Cheverly Nature Park

Cheverly Nature Park and Quincy Run

Nature and History

Cheverly Nature Park, with its alternating ridges and ravines, provides cover for smaller animals and woodland birds. Pine and hardwood trees dominate, with chestnut oak being the most plentiful.

Mountain laurel is common and along with other shrubs, such as deerberry, blueberry, and pinxterbloom azalea, has recently filled in the shrub layer. Ground level vegetation includes locally rare Indian cucumber-root, Indian pipe, spotted wintergreen , ground pine and partridgeberry. The park is also the free- flowing headwaters of Quincy Run. English Ivy and Oriental Wisteria are the predominant invasive plants.

The land was once part of 500 acres granted in 1685 to James Cranford (d 1699). The property was called Cranford, His Adventure. Later misreadings changed the name to "Crawford's Adventure." That land eventually became Cheverly, Sections 7, 10, and 3A-4A, as well as the hospital land.

Cranford’s land was subdivided and went through several owners. When our Nature Park property was sold in 1849, two-thirds of the land was described as covered with “good oak wood.”

In 1900, Madison Whipple and others filed a plat for the Crawford's Adventure subdivision of 5 30.5-acre lots with a spring at the center of the tract. It appears that the subdivision remained unbuilt. 11 acres is now Cheverly Nature Park.

Crawford's Adventure subdivision with spring at the center of the tract, 1900. 11 acres is now Cheverly Nature Park.

The 1926 plat for Cheverly Section 7, which would have included the land now occupied by Cheverly Nature Park, featured a park surrounding Crawford’s Adventure Spring. By 1927 the spring area had been incorporated into Cheverly Section 10 and the Spring Park idea abandoned.

With the Great Depression, building in this section of Cheverly ceased. The 1938 aerial image shows areas cleared for planned roads, including the land bridge mentioned below.

Reacting to plans for apartments on the property, the Town of Cheverly acquired the land for the Cheverly Nature Park between 1976 and 1979 . The latest acquisition dates from 2006.

Tour the Nature Park

Begin at the north end of Tremont Avenue. There is room to park on the east side of the street.

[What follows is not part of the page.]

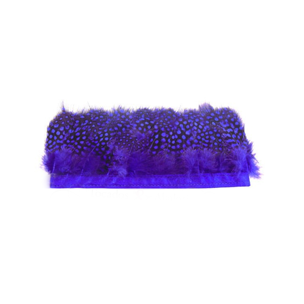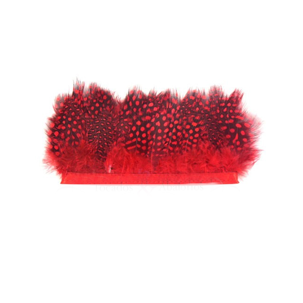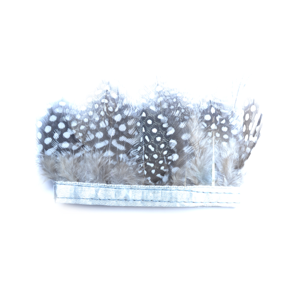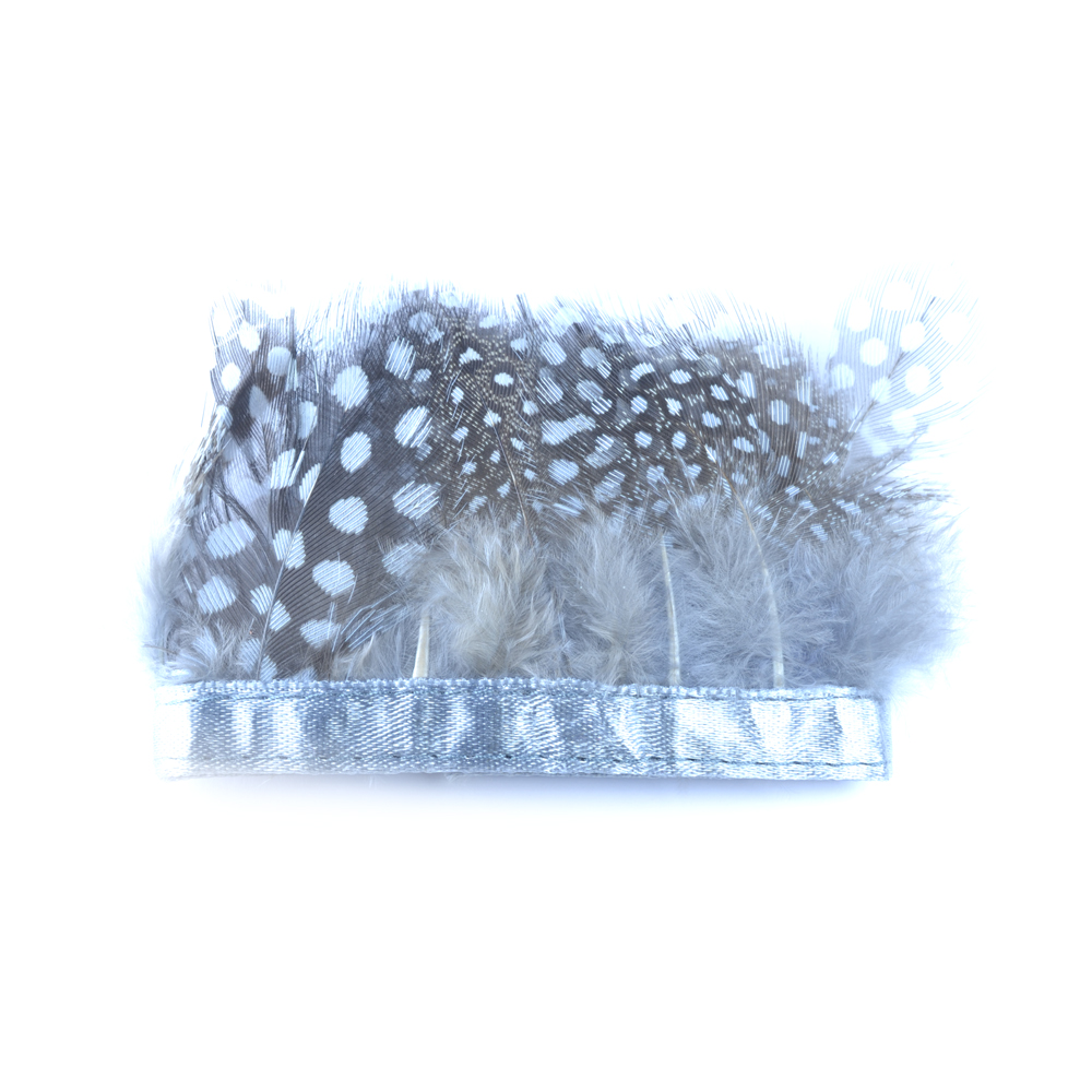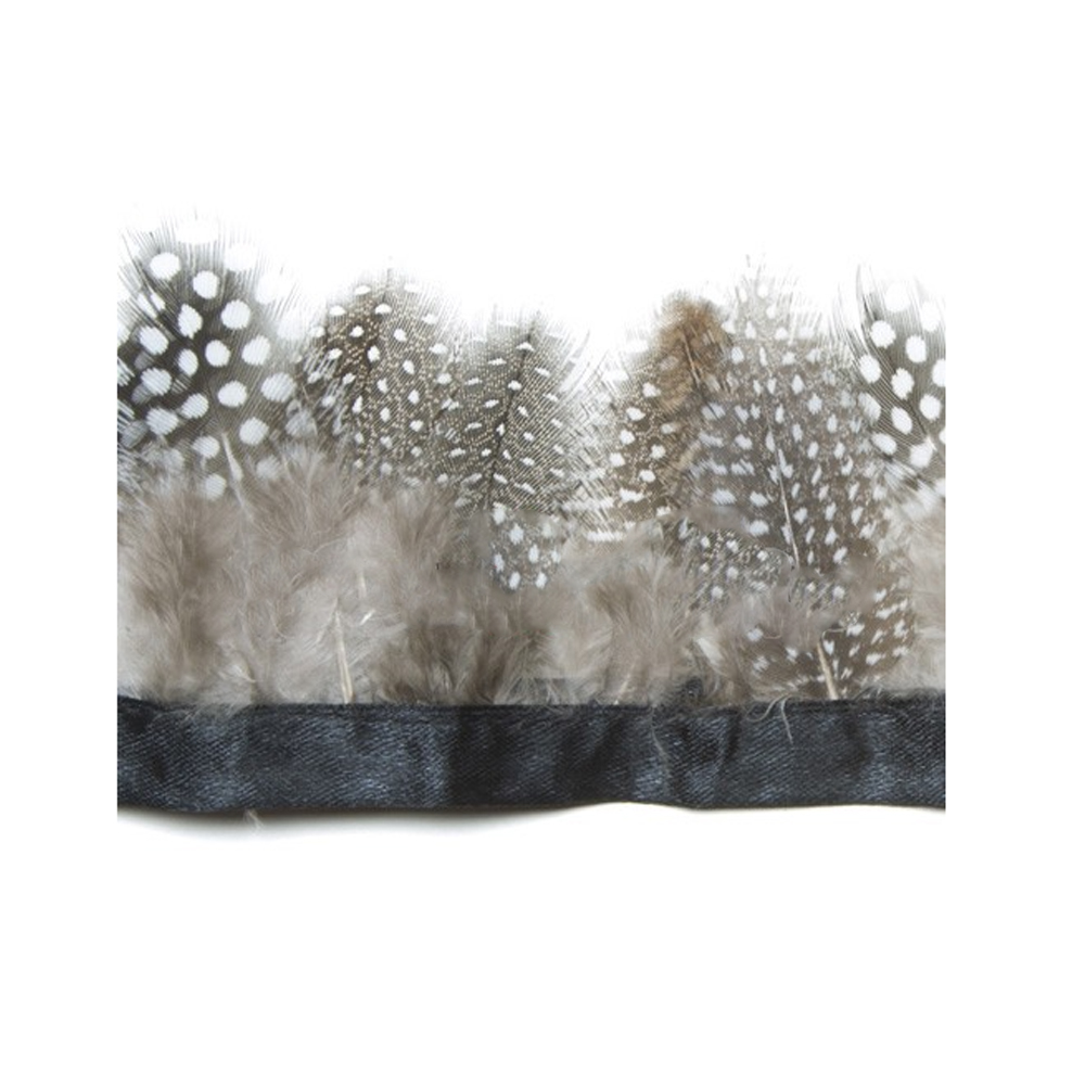 Galon de plumes de pintade. Mesure 05-06cm de largeur. Vendu en format 1 mètre. Ces plumes sont de plus en plus utilisées pour la décoration de bibis . Nous vous proposons ces plumes en différents formats et lots, ainsi qu’en plusieurs coloris et tailles.

The sidewalk becomes a path through Cheverly Nature Park. Turn right at the blue plastic bridge. You will now be on a circular path that generally follows streets originally platted for Cheverly Section 7. You will walk through an open woods where chestnut oaks, mountain laurel, and American beech trees predominate. The path will take you downhill toward a subtributary of Quincy Run that receives runoff from Lockwood Road. If you choose to walk along the stream when it is watered you will notice that the water alternately flows underground and surfaces again. The stream course was platted as a road for Cheverly Section 7.

Bear left to continue on the circular path. About where the ravine levels off, you may bushwhack down to the stream and Crawford’s Adventure Spring. This may be the only water you see.

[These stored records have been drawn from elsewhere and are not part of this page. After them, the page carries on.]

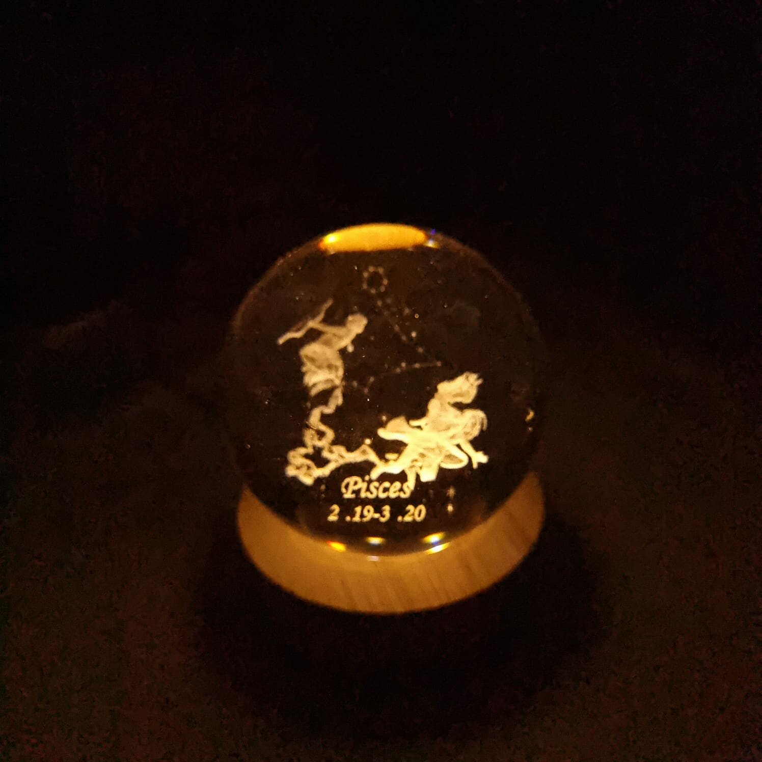 Купить Хрустальный шар ночник Знак зодиака "Рыбы" с 3D лазерной гравировкой
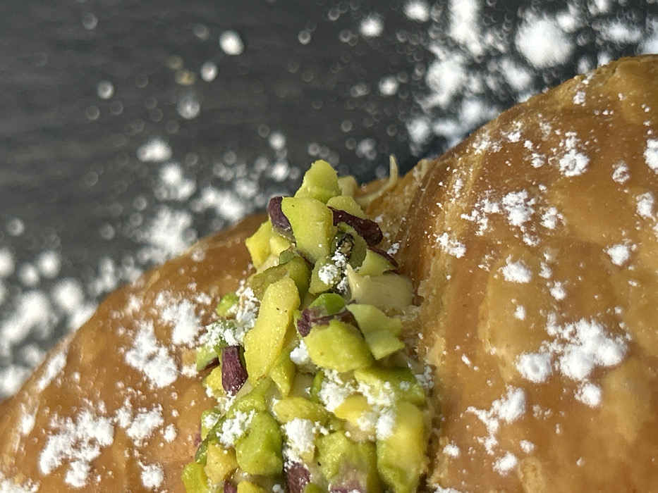 - "This close-up, high-angle image depicts a single Italian pastry, likely a sfogliatella or cannolo, situated in Como, Italy" by FM-fbqYv1, licensed under CC BY 4.0
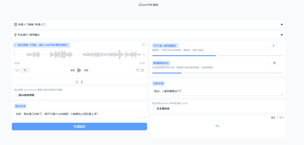 --cfg-value 2.0 --inference-timesteps 10 --normalize
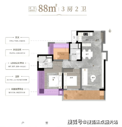 76㎡三房两卫:市面稀缺小户型,三开间朝南,双卫设计兼顾实用性与私密性;

Just north of the spring the stream again drops underground. Walking a few steps over sand and under a fallen tree you will arrive on a land bridge built to connect Spring Road, which had been platted for the 1901 Crawford’s Adventure subdivision, with the roads platted for Cheverly Section 7. In the stream bed you will see terra cotta pipes intended to put the stream under the planned road.

IMG_2891B terra cotta.jpg

Exploring Cheverly Nature Park, you may see ground pine, partridge berry, and Indian cucumber.

The stream, now the main branch of Quincy Run, continues northwest past the new Igbo Anglican Church site, to be piped under the Baltimore Washington Parkway on/off ramp and the parkway itself. If you cross the ramp you will see a short open stretch of Quincy Run in a grove.

Quincy Run continues west of the Baltimore-Washington Parkway behind the properties along Landover Road and Newton. You may see its course at 58th place, although the stream is piped until it leaves the Town of Cheverly.